The current system of National Insurance has its roots in the National Insurance Act 1911, which introduced the concept of benefits based on contributions paid by employed persons and their employer. The chosen means of recording the contributions required the employer to buy special stamps from a Post Office and affix them to contribution cards. The cards formed proof of entitlement to benefits and were given to the employee when the employment ended, leading to the loss of a job often being referred to as being given your cards, a phrase which endures to this day although the card itself no longer exists.

Initially there were two schemes running alongside each other, one for health and pension insurance benefits (administered by "approved societies" including friendly societies and some trade unions) and the other for unemployment benefit which was administered directly by Government. The Beveridge Report in 1942 proposed expansion and unification of the welfare state under a scheme of what was called social insurance. In March 1943 Winston Churchill in a broadcast entitled "After the War" committed the government to a system of "national compulsory insurance for all classes for all purposes from the cradle to the grave."

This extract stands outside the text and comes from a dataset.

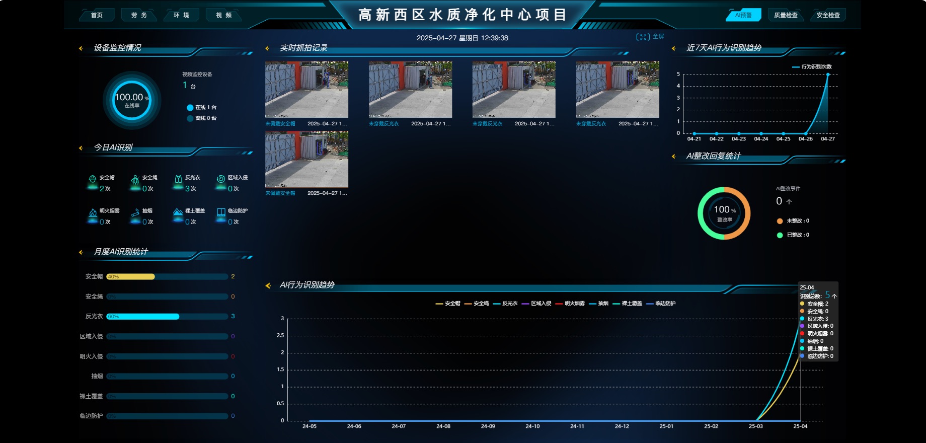 AI視頻監(jiān)控系統(tǒng)AI視頻監(jiān)控系統(tǒng)通過覆蓋施工面的高清攝像頭群,搭載行為識別算法引擎。系統(tǒng)實時分析視頻流,自動檢測未系安全帶、違規(guī)攀爬、闖入禁區(qū)等20余類高風(fēng)險行為。一旦識別到違規(guī)操作,立即定位人員位置并同步推送告警信息至安全員手持終端,實現(xiàn)從被動監(jiān)控到主動干預(yù)的升級。

After the Second World War, the Attlee government pressed ahead with the introduction of the Welfare State, of which an expanded National Insurance scheme was a major component. As part of this process, responsibility passed in 1948 to the new Ministry of National Insurance. At that point, a single stamp was introduced which covered all the benefits of the new Welfare State.

Stamp cards for class 1 (employed) contributions persisted until 1975 when these contributions finally ceased to be flat-rate and became earnings related, collected along with Income Tax under the PAYE procedures. Making NI contributions is often described by people as paying their stamp.

As the system developed, the link between individual contributions and benefits was weakened.

The National Insurance Funds are used to pay for certain types of welfare expenditure and National Insurance payments cannot be used directly to fund general government spending. However, any surplus in the funds is invested in government securities, and so is effectively lent to the government at low rates of interest. National Insurance contributions are paid into the various National Insurance Funds after deduction of monies specifically allocated to the National Health Services (NHS). However a small percentage is transferred from the funds to the NHS from certain of the smaller sub-classes. Thus the four NHS organisations are partially funded from NI contributions but not from the NI Fund. Less than half of benefit expenditure (42.1%) now goes on contributory benefits, compared with over 65% in 1978-79 because of the growth of means-tested benefits since the late 1970s.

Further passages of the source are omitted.